If you want to test your man's interest in you, go a couple days without calling him. If he doesn't call back wondering how your doing or if you are okay chances are he is not the guy for you. When a man really likes you HE WILL KEEP IN TOUCH. Even if he is not a 'big talker' after a while even you strong, silent man will be on the line. You know that even when you are really busy you always have time to sneak in a little 5 minute phone call or quick text; if you can do it there is no reason he can't.

Sit down and compare your peaceful nights vs. night's filled with 'knock down drag out's' (and no I am not actually talking about physical fights if things have gotten that far you need a whole nother type of help that involves hotline or your local authorities)ANYWAY if you find that you are fighting all the time and your man seems to be picking all the fights, BIG WARNING SIGN! Men usually hate verbal screaming matches if they are electing themselves to them that seems strange right? Well i'll tell u the method behind the madness. Sometimes when men are wanting to break up or get out of a relationship they try to make you into the bad guy to clear their conscience. They are hoping by fighting with you or doing things purposely that you cannot stand that you will be so angry or stressed out you will give up on the relationship or put him out of your life for good.

Ask yourself this: Does he make little to no effort on special days and holidays? If he minimizes the importance of an anniversary or time of the year loved ones are supposed to be together, in conversation or actions, that shows that he is not into you like he should be. Even using excuses like he is low on funds is NOT A REAL EXCUSE there are plenty of low-cost gift options like buying you a card and expressing his feelings in it. And gurls i know if you really love a guy it's the thought and effort that counts not the pricetag so there is no excuse for getting you nothing or slapping something together. The man owns a calendar he could have saved up to get you a little something or at least made plans. He knows what day it is. Basically making an excuse not to give someone a sweet gesture is making excuse not to take the time to emotionally connect with you. He is rejecting the affection that you would have for him if he did something nice for you. Because if he did something sweet you would definately want to hug and cuddle after he did something with that. Am I right ladies?

Don't be afraid to read in between the lines. Men are naturally not as communicative as women are. They tend to do speak with their actions or body language more. If he is acting standoffish multiple times in a row, Sending your calls to voicemail, Or cannot make eye contact with you, it is okay to assume that he is has lost interest or could be cheating. Men hope that women will 'take the hint' so that way they will not have to explain their actions. I have often heard men say 'i tried doing this to get rid of her or that to get rid of her bust she just didn't get the hint' I find myself asking them well why weren't you just honest with the girl and they think being disrespectful or blowing you off is honest because actions speak louder than words. They don't always like to get into all the details or try to work a relationship out men usually go with their first initial feeling or gut they don't sit around holding the phone debating whether to call back or not.

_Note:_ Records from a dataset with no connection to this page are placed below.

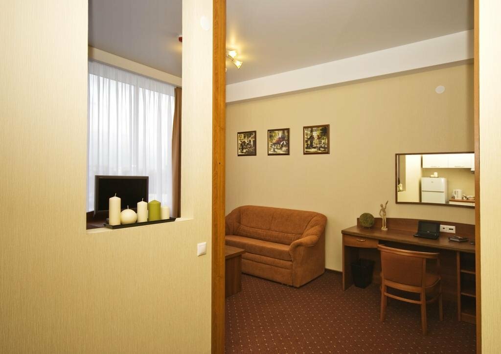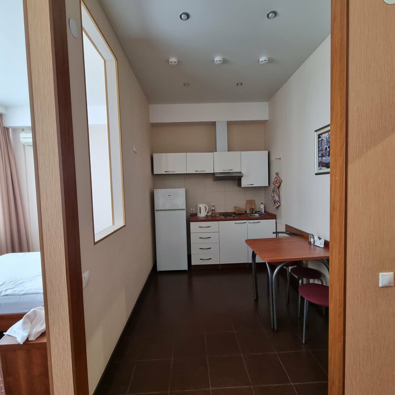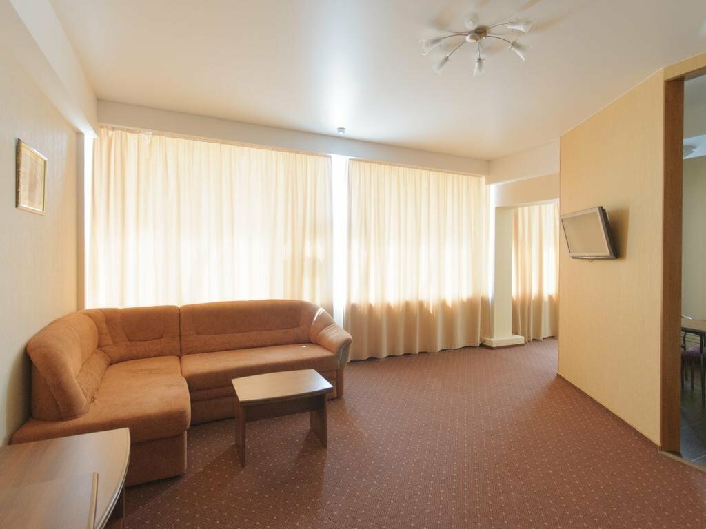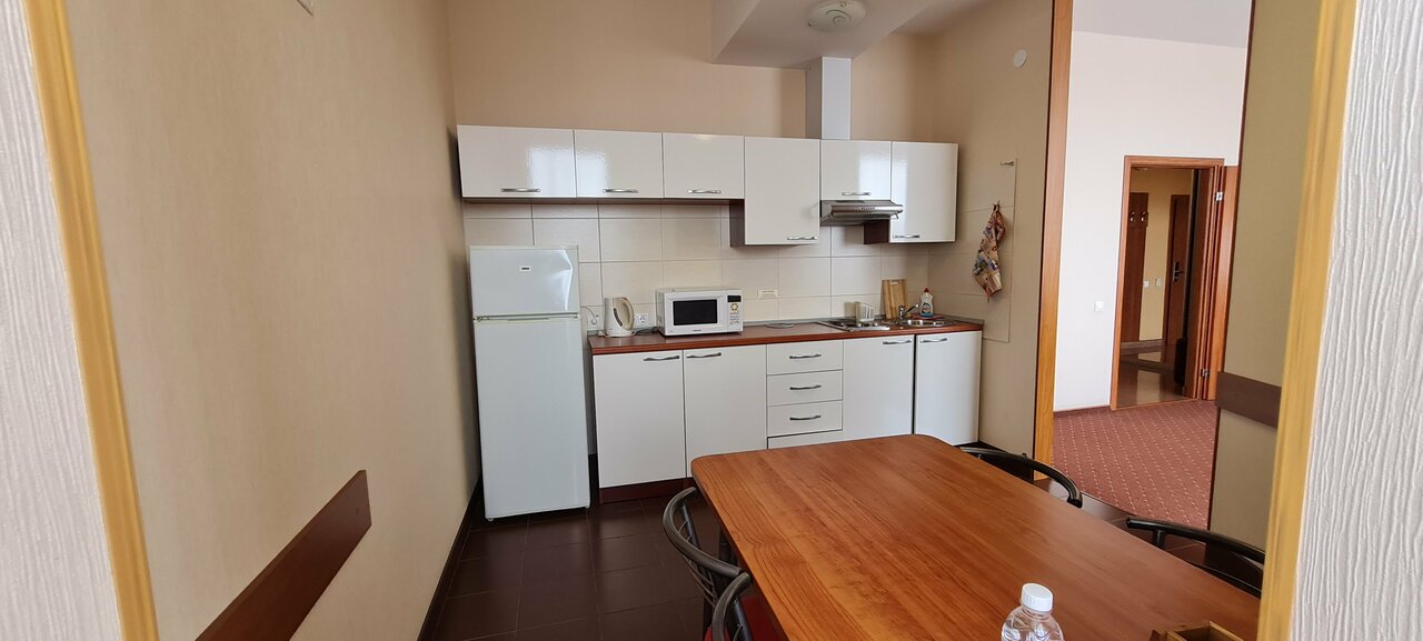 Останавливались на ночь в составе 4х человек(2 врослых/2 детей). Номер однокомнатный. Уютная кухонька, приличный сан узел, места не много, но для одной ночи вполне хорошее предложение. При заселении есть приятный бонус в виде 2х часов на бесплатное посещение акваклуба. Хамам советую)))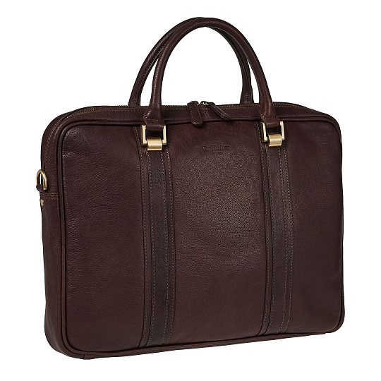 Аксессуар с очень выразительным оформлением, выдержанным в рамках деловой строгости. Привлекает внимание эффектная прострочка планок и элегантные держатели для ручек, на которых выгравирован логотип фирмы. Он также вытеснен на лицевой стороне сумки и представлен в качестве рисунка на подкладке. На оборотной стороне – большой карман на змейке. Ручки подвижные, удобные. Внутри основного отделения находится карман на змейке, 3 открытых кармана для смартфона, 3 держателя для ручек, 2 маленьких плоских открытых кармашка. Съемный регулируемый ремень крепится на карабинах, на его наплечнике нанесен логотип. К модели прилагается защитный чехол.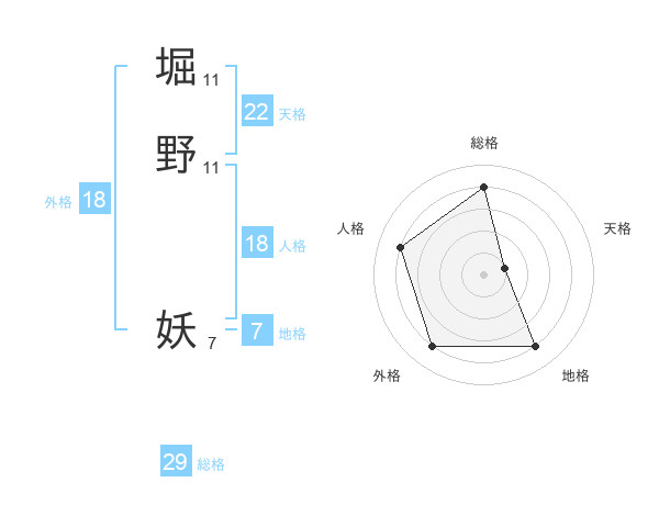 堀野 妖さんの総格は29画の4点!

Lastly, if you feel like you cannot walk away without giving your man one more chance, go head sit down and talk to him and express what's been bothering you. But before you do give both yourself and him an ultimatum; tell yourself that if he does not commit to fixing his behavior that you will terminate the relationship and look for someone who can make your life easier rather than harder (love is never perfect but it should enhance your life not make it more painful). Also tell him in a non-threatening but firm voice that you need him to do better if he acts sarcastic and shows any signs that he doesn't want to hear what you are saying then consider the relationship over. If someone wants something they will fight to keep it not walk way. He should take loosing you serious if he sees you can't take it anymore. If your man has any hope he will hear you out. You will not have to force him to listen to you or fight to make your voice heard. Do not settle for bad behavior asking him to be nice to you is not changing who he is that is just ridiculous so don't let be his excuse IF THE EXCUSE IRRATIONAL THAT'S BECAUSE !IT IS! No matter how much u rationalize it lol! Anyway act as if you are Donlad Trump and he is the apprentice lol if he wants you love and trust he should have no problem earning it if not FIRE HIS BUTT! Try not to let your emotions get the best of you just this once because unfortunately men can manipulate them to use women for their own desires and some actually think it's amusing (which is sick). I am not bashing men, but I know how emotionally abuse relationships are and I am not naive enough to think that there aren't many out there. Well if your man does happen to say he will try harder make sure he sticks to it. Give him a certain amount of times (not more than 3 is recommended) to mess up and if he doesn't shape up by then let him go. Set specific limits to what you will put up with and don't compromise out of them otherwise you might end up making exception after exception.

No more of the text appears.